State Management: Agents require sophisticated handling of:
- Message and event history
- Long-term memories
- Execution state in agentic loops
Tool Execution: Agents need secure and reliable ways to:
- Execute LLM-generated actions
- Handle tool dependencies
- Manage execution environments
- Process tool results

Key Architectural Considerations¶

When building agents, several architectural decisions are crucial:

State Persistence
- File-based serialization vs.

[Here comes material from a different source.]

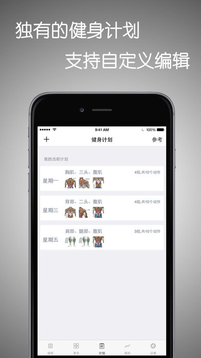 好消息,全网AppStore 最有型的健身软件 冰点价格 只要1元,内含丰富的健身动画,图文并茂,有独有的健身计划训练,唯一一款可以用户自定义计划的软件,包含锻炼跟踪,并拥有统计图表,适配所有iOS 设备,让您在家使用iPad 也可体验自上线以来数万人受益。好机会不容错过,投资健康才是投资自己和未来。 你还在为自己的一块腹肌而发愁吗,你还在对自己下垂的胸膛而烦恼吗。优秀的男人都应该拥有令人羡慕的胸肌和腹肌,以及强魄的身材。 本软件能够让你有计划的拥有自己的强壮体魄。为健身健康必备产品,多名健身教练联袂推荐。 【产品简介】 一款易用的健身健康类应用程序软件。风格清新,主要包括健身视频教程、每日晨跑、独有的健身计划、每日记录、健康资讯、收藏等等,内置多个小工具。用户可以通过该软件学习健身动作规范,设置自己的健身计划,记录自己的健身活动数据,以及阅览健康健身方面知识讯息。 包含大量家庭就可以完成的动作,让你轻松掌握动作要领,并配备大量健身相关资料,健身从现在开始,跟随作者的节奏动起来!软件宣言“身体是革命的本钱”,不管你是学生、or上班族、or健美爱好者等等,安装本软件统统帮您搞定,防止猝死,生命在于运动,打造美好身形,强健体魄何乐而不为呢,每天健身一小时健康生活一辈子。 【产品特点】 1.健身动画:助您轻松掌握健身动作要领; 2.健身秘籍:打造属于自己的健康图谱; 3.健身营养:健身营养是肌肉成长的必需品,没有我怎么能行; 4.健身收藏:让你收藏喜爱的健身动画,让你健身思路更清晰; 5.健身工具:多款健身工具助您打造完美身形! 6.健身计划:为你订制独有的健身计划,让健身更加科学和持久。 7.健身视频:海量健身视频,让你和健身牛人学健身。 8.每日晨跑:一日之计在于晨,让跑步开始你的一天吧。 9.每日记录:拍照记录自己的每日健身成果,让自己的变化被记录下来。 10.清晰的界面: 简洁干净的界面让您觉得更加舒适。

Database-backed state
- Query capabilities for historical data
- Scaling with conversation length
- Multi-agent state management
Tool Security
- Sandbox environments for arbitrary code execution
- Dependency management
- Access control and authorization
- Input validation and sanitization
Production Deployment
- REST API design for agent interactions
- Data normalization for agent state
- Environment recreation for tool execution
- Scaling to millions of agents

Future Trends¶

The agent ecosystem is still in its early stages, with several emerging trends:

Standardization
- Movement toward common tool schemas (like OpenAI's function calling format)
- Emerging patterns for agent APIs and deployment
- Cross-framework compatibility for tools and agents
Production Focus
- Shift from notebook-based development to production services
- Growing importance of observability and monitoring
- Need for enterprise-grade security and compliance
Tool Ecosystem Growth
- Specialized tool providers for common tasks
- Authentication and access control frameworks
- Industry-specific tool collections

The Stack¶

The modern AI agent stack can be broken down into several key layers, each addressing specific challenges in agent development. These include:

Agent Hosting & Serving Solutions
Agent Observability Solutions
Agent Frameworks
Agent Memory Solutions
Tool Libraries
Model Serving Solutions

with some nice examples of successful Vertical AI Agent Solutions.

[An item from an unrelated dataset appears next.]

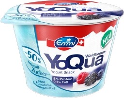 Wielu producentów jogurtów owocowych zmaga się z problemem jakim jest niezadowalająca sprzedaż jogurtów owocowych. Nowym problemem staje się zjawisko konsumenckie preferowania jogurtów naturalnych nad jogurty owocowe. Właśnie to skłoniło menadżerów w firmie mleczarskiej Emmi do stanowczych działań. Zdecydowali się wypuścić na rynek znany jogurt YoQua z hasłem: 50% dodanego cukru mniej (czyli 4,5 g), bez dodatku sztucznych słodzików. Jogurt zawiera aż 8 g białka i tylko 0,1 g tłuszczu.

Agent Hosting & Serving Solutions¶

Platform	Description
Letta	Agent deployment and hosting platform
LangGraph	Graph-based orchestration for language model agents
Assistants API	OpenAI's API for deploying and managing AI assistants
Amazon Bedrock Agents	AWS-based agent hosting and management service
LiveKit Agents	Real-time agent deployment and communication platform

These platforms provide infrastructure and tools for deploying, hosting, and serving AI agents at scale, each with different specializations and integration capabilities.

Additional considerations for hosting solutions:

Scalability and performance requirements
Integration capabilities with existing systems
Cost and resource optimization
Security and compliance features

Agent Observability Solutions¶

Platform	Description
LangSmith	LangChain's platform for debugging, testing, evaluating, and monitoring LLM applications and agents
Arize	ML observability platform with LLM monitoring capabilities
Weave	AI observability and monitoring platform
Langfuse	Open source LLM engineering platform for monitoring and analytics
AgentOps.ai	Specialized platform for monitoring and optimizing AI agents
Braintrust	LLM evaluation and monitoring platform

These platforms provide specialized tools for monitoring, debugging, and analyzing the performance of AI agents and LLM applications in production environments.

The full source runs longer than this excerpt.